Conflitos Juvenis
No recente filme canadense Vic+Flo Viram Um Urso (2013), o diretor Denis Côté trouxe para o
debate o processo difícil da busca da ressocialização de duas ex-prisioneiras
que acabaram de sair da cadeia. Já a estreante em longas, a paulista Caru
Alves de Souza- filha de Tata Amaral, que demonstra o mesmo talento da mãe-
aborda o mesmo tema em De Menor , com boa
acolhida nos festivais internacionais de San Sebastián, na Espanha, Toulouse,
na França e Havana, em Cuba.
Foi premiado como o melhor filme no Festival do Rio de
Janeiro do ano passado, dividindo as láureas com o fabuloso O Lobo
Atrás da Porta (2013), do também neófito Fernando Coimbra, ambos com grande
sucesso de público e recepção de crítica na 37ª. Mostra de Cinema de São Paulo.
A trama gira na sombria história de dois irmãos órfãos na
cidade de Santos. A jovem advogada Helena (Rita Batata- atuação impecável e
merecedora do prêmio de melhor atriz no Festival do Rio) é uma idealista que
defende menores infratores pela Defensoria Pública e vive com o irmão caçula Caio
(Giovanni Gallo), aparentemente os dois têm um relacionamento saudável e
demonstram muita amizade entre eles. Mas nem tudo é um mar de rosas, pois num dia
qualquer o adolescente comete um delito e torna-se acusado na Vara da Infância
e Juventude, exatamente no local de trabalho da irmã. A partir dali irá se
mostrar uma pessoa problemática pela instabilidade emocional e de personalidade
impulsiva, cercado por garotos que cometem pequenas infrações, até um dia que
há um crime maior e como uma bomba-relógio explodirá justamente na defensora
pública.
A diretora faz um retrato de uma juventude convalescente e
sem rumo, sem deixar de demonstrar durante boa parte do filme o amor entre os
dois dentro de casa, que dividem tarefas como cozinhar, às vezes brigam como
qualquer ser mortal, ouvem músicas juntos e mantêm uma rotina familiar de afeto,
embora houvesse uma grande dependência do garoto para a irmã mais velha, ambos
nitidamente fragilizados pela recente perda dos pais. Surgem dúvidas e
inseguranças como marca registrada de uma infância ingressando na adolescência,
vindo à tona as dificuldades para quem tem a guarda de um menor em crise de
identidade da criança para a fase adulta recheada de incertezas. É bem retratado
no drama com as nuances para uma reflexão desapaixonada, como visto
recentemente na realização colombiana La Playa (2012), de Juan Andrés Arango Garcia.

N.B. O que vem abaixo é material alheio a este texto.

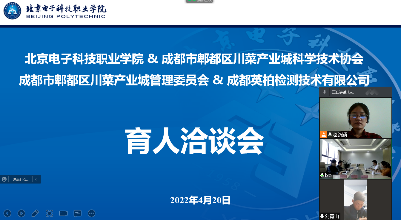为进一步完善“三全育人”机制,建立“实践育人基地”矩阵,结合专业、学科、学生和地域特点,特联系了中国川菜产业城的协会和企业代表,就“跨区域实践育人基地”建设问题进行探讨。就此议题,4月20日下午,生物工程学院党总支副书记刘青山和专任教师赵新颖与中国川菜产业城管理委员会、成都市郫都区川菜产业城科学技术协会、成都英柏检测技术有限公司的相关代表进行了网络会议。
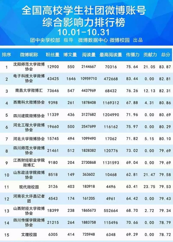 日前,共青团中央学校部发布2016年10月全国高校微博账号综合影响力排行榜,beat365官网社团官方微博“@beat365正版唯一入口必一微博汇”突破五月全国十一名的成绩获得全国第九名。
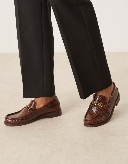 Mocasines color tostado con detalle de cadena de cuero en relieve Dalston de Walk London

O filme questiona a ressocialização pelo reingresso na
sociedade do jovem infrator que cometeu pequenos ilícitos, como demonstrado
pela intolerância acentuada pela falta de visão panorâmica do promotor público (Rui
Ricardo Diaz), um típico mão de ferro e nada afeito a concessões, que irá
encontrar no comedido juiz (Caco Ciocler), uma pessoa mais afável e conhecedora
da causa dos desajustes infantis, embora sem perder o senso do limite jurídico
e protetivo previsto no Estatuto da Criança e do Adolescente. A punição entra
em choque com os ensinamentos da corriqueira lição dos métodos restritivos da
liberdade como forma de aprender as regras da vida.
Caru buscou subsídios na experiência pessoal da uma prima na
Defensoria Pública, na qual desenvolveu sua obra para abordar o tema do
abandono de crianças e adolescentes, tanto no âmbito familiar como no desleixo
dos governos e as tristes consequências da deliquência de uma juventude
conflitada, com a dose certa e bem temperada da trilha sonora de Tatá Aeroplano
e Junior Boca. A fotografia capta com esmero a emoção e as desavenças dos
irmãos em longos planos-sequência, num auxílio fascinante para um roteiro
engenhoso que aos poucos vai elucidando os fatos por uma narrativa segura e
objetiva, com poucos rodeios e distante de sofismas e alegorias baratas para
atingir no âmago o espectador atento, que irá perceber o esforço da
protagonista, mesmo em condições adversas, para obter soluções dignas como reinserções
para os que cometem desatinos ilícitos. Não chega a discutir a redução da
maioridade penal, embora o tema seja bem atual, talvez um equívoco da diretora.